Rewrite `init_components()` and `forward()` method. Explanations of parameters and outputs of the two methods are in [workers/baseworker.py](./workers/baseworker.py).
- Run `bash generate.sh`.
Click to expand
- Prepare the data in the format as shown in [data/anchor.json](./data/anchor.json), note that the key "unique_idx", "gen_model_id", and "answer" are required.
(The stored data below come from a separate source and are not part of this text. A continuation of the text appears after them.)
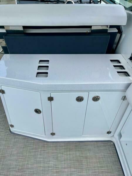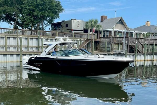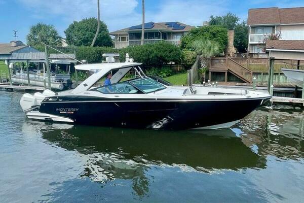 2021 Monterey 385 SE, "MIA VICTORIA", is in spectacular condition with low hours and shows like new. Designed for both day cruising and overnight trips, this yacht combines the spaciousness of a bowrider with a comfortable, well-appointed cabin.
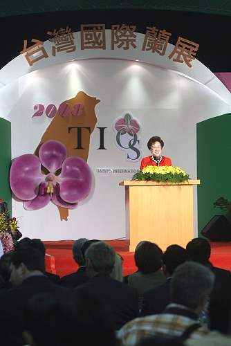 副總統致詞時首先肯定國際蘭展是台南縣蘇煥智縣長在舉辦盛大的元宵燈節後的另一盛舉,她表示,台南縣是傳統的農業縣,也是現代高科技的代表,蘭花則是上帝送給人們最好的禮物,然而今天台灣的蘭花其實是農業科技的一項傑作,「蘭花」真的是象徵了台南縣既是農業,也是科技的大縣。
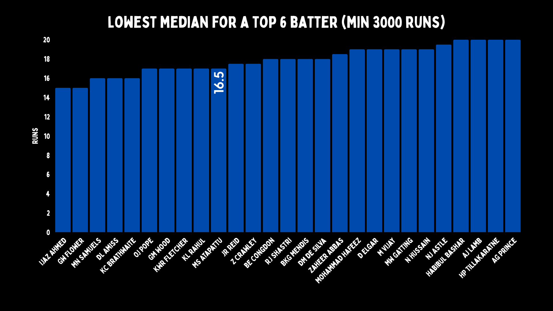Median is not something we talk about a lot in cricket; it’s average’s forgotten little cousin. It is obviously not as illustrative as average, but it does tell you things. For batters, the median is the score that lies exactly in the middle of all their innings when sorted from lowest to highest - so half the scores are higher and half are lower. 16.5 is very low. The average median score for a top six Test batter is 26.2. The median median is 26.5.

Move your data under [data](./data/) folder.
- Modify the parameters in [evaluate.sh](./evaluate.sh), especially "model_name" and "model2_path".
- Put your OpenAI API key in [evaluate.py](./scripts/evaluate.py), please make sure you have access to model "gpt-4-vision-preview".
- Run `bash evaluate.sh`.
- NOTE: The per sample criteria are not provided for self-evaluate and this self-evaluation process is just used for your reference. If you wish your results to be displayed on the leaderboard, please refer to [Submission for Leaderboard](#submission-for-leaderboard).